Work item
Omit the pictures, but give back every entry below exactly as written.

Raw data
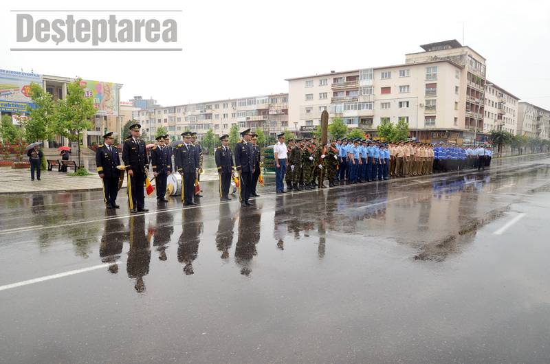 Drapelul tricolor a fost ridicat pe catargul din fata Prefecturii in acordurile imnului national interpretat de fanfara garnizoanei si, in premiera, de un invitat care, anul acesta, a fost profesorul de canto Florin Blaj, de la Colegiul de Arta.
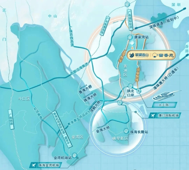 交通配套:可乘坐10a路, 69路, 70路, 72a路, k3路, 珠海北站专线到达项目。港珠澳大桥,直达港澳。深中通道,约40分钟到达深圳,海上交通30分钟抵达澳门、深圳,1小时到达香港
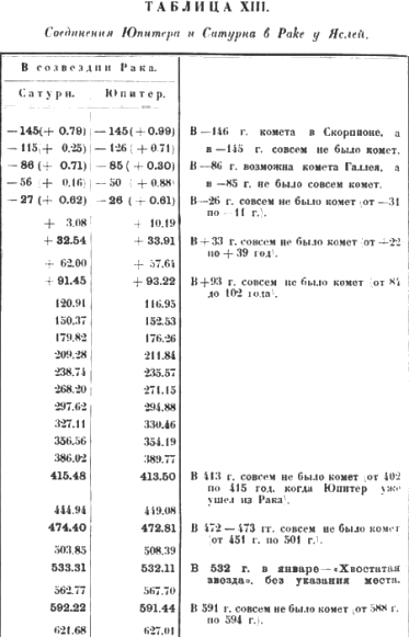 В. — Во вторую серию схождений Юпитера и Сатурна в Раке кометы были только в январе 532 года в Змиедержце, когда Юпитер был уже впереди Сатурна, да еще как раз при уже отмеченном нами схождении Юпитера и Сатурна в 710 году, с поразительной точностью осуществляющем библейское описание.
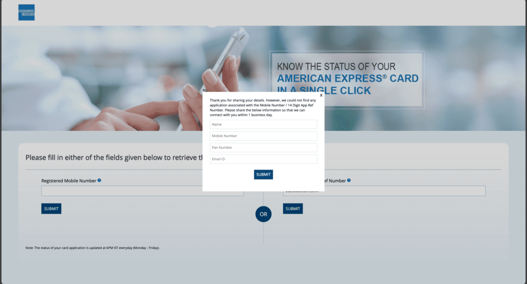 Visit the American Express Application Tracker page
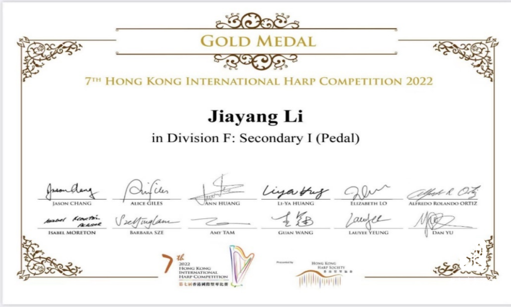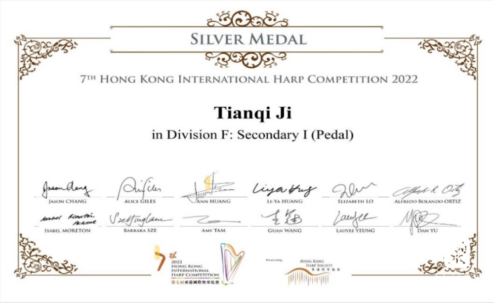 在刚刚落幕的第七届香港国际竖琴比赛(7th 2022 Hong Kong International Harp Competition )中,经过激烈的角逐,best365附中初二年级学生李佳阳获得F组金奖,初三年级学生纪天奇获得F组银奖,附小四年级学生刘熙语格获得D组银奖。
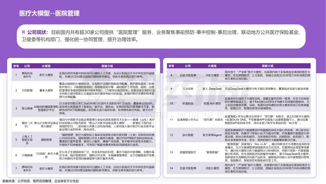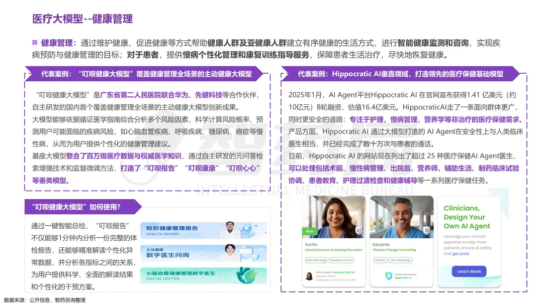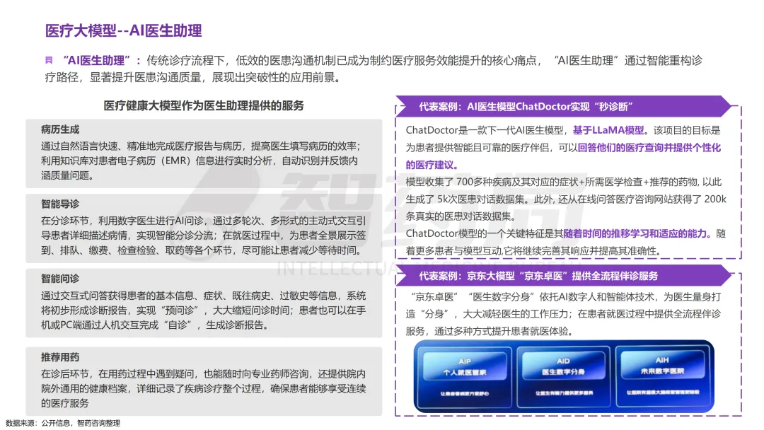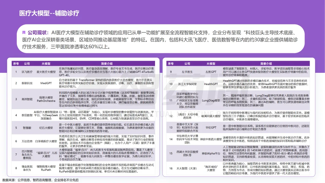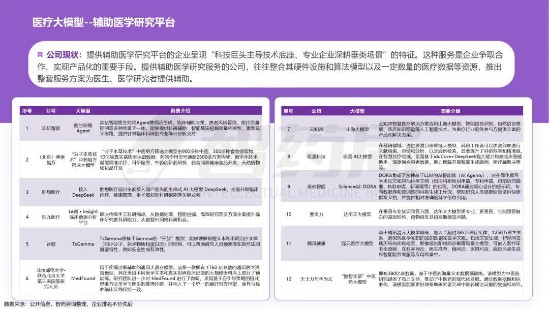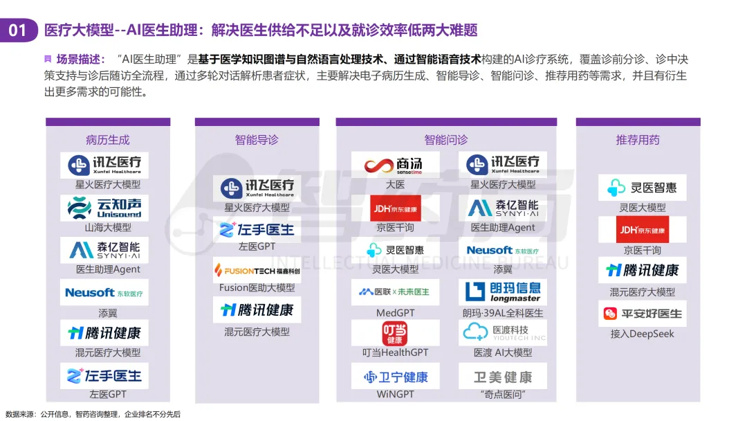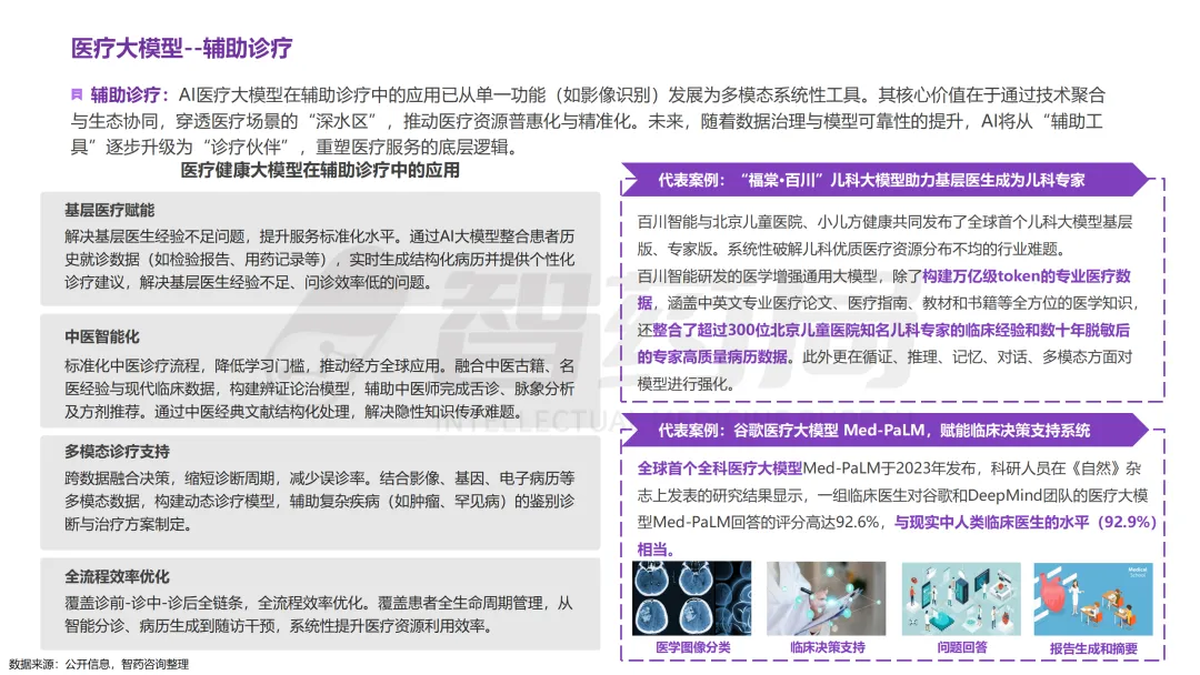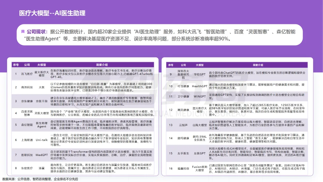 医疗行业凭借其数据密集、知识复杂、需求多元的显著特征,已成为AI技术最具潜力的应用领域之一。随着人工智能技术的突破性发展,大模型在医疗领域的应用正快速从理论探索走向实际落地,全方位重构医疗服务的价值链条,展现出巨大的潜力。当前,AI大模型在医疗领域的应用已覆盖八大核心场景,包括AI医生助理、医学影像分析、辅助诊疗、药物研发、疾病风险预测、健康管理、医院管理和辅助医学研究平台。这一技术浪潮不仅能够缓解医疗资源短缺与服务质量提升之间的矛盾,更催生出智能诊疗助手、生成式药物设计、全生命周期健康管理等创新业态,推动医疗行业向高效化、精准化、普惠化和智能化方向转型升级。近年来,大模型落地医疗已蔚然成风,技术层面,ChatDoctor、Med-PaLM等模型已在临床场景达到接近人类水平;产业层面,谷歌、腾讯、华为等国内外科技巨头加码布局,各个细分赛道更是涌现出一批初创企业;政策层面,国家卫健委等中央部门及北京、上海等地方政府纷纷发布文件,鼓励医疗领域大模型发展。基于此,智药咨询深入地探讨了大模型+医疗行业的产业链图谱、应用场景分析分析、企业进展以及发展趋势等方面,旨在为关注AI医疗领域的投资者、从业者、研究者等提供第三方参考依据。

Result
 Drapelul tricolor a fost ridicat pe catargul din fata Prefecturii in acordurile imnului national interpretat de fanfara garnizoanei si, in premiera, de un invitat care, anul acesta, a fost profesorul de canto Florin Blaj, de la Colegiul de Arta.
 交通配套:可乘坐10a路, 69路, 70路, 72a路, k3路, 珠海北站专线到达项目。港珠澳大桥,直达港澳。深中通道,约40分钟到达深圳,海上交通30分钟抵达澳门、深圳,1小时到达香港
 В. — Во вторую серию схождений Юпитера и Сатурна в Раке кометы были только в январе 532 года в Змиедержце, когда Юпитер был уже впереди Сатурна, да еще как раз при уже отмеченном нами схождении Юпитера и Сатурна в 710 году, с поразительной точностью осуществляющем библейское описание.
 Visit the American Express Application Tracker page
 在刚刚落幕的第七届香港国际竖琴比赛(7th 2022 Hong Kong International Harp Competition )中,经过激烈的角逐,best365附中初二年级学生李佳阳获得F组金奖,初三年级学生纪天奇获得F组银奖,附小四年级学生刘熙语格获得D组银奖。
 医疗行业凭借其数据密集、知识复杂、需求多元的显著特征,已成为AI技术最具潜力的应用领域之一。随着人工智能技术的突破性发展,大模型在医疗领域的应用正快速从理论探索走向实际落地,全方位重构医疗服务的价值链条,展现出巨大的潜力。当前,AI大模型在医疗领域的应用已覆盖八大核心场景,包括AI医生助理、医学影像分析、辅助诊疗、药物研发、疾病风险预测、健康管理、医院管理和辅助医学研究平台。这一技术浪潮不仅能够缓解医疗资源短缺与服务质量提升之间的矛盾,更催生出智能诊疗助手、生成式药物设计、全生命周期健康管理等创新业态,推动医疗行业向高效化、精准化、普惠化和智能化方向转型升级。近年来,大模型落地医疗已蔚然成风,技术层面,ChatDoctor、Med-PaLM等模型已在临床场景达到接近人类水平;产业层面,谷歌、腾讯、华为等国内外科技巨头加码布局,各个细分赛道更是涌现出一批初创企业;政策层面,国家卫健委等中央部门及北京、上海等地方政府纷纷发布文件,鼓励医疗领域大模型发展。基于此,智药咨询深入地探讨了大模型+医疗行业的产业链图谱、应用场景分析分析、企业进展以及发展趋势等方面,旨在为关注AI医疗领域的投资者、从业者、研究者等提供第三方参考依据。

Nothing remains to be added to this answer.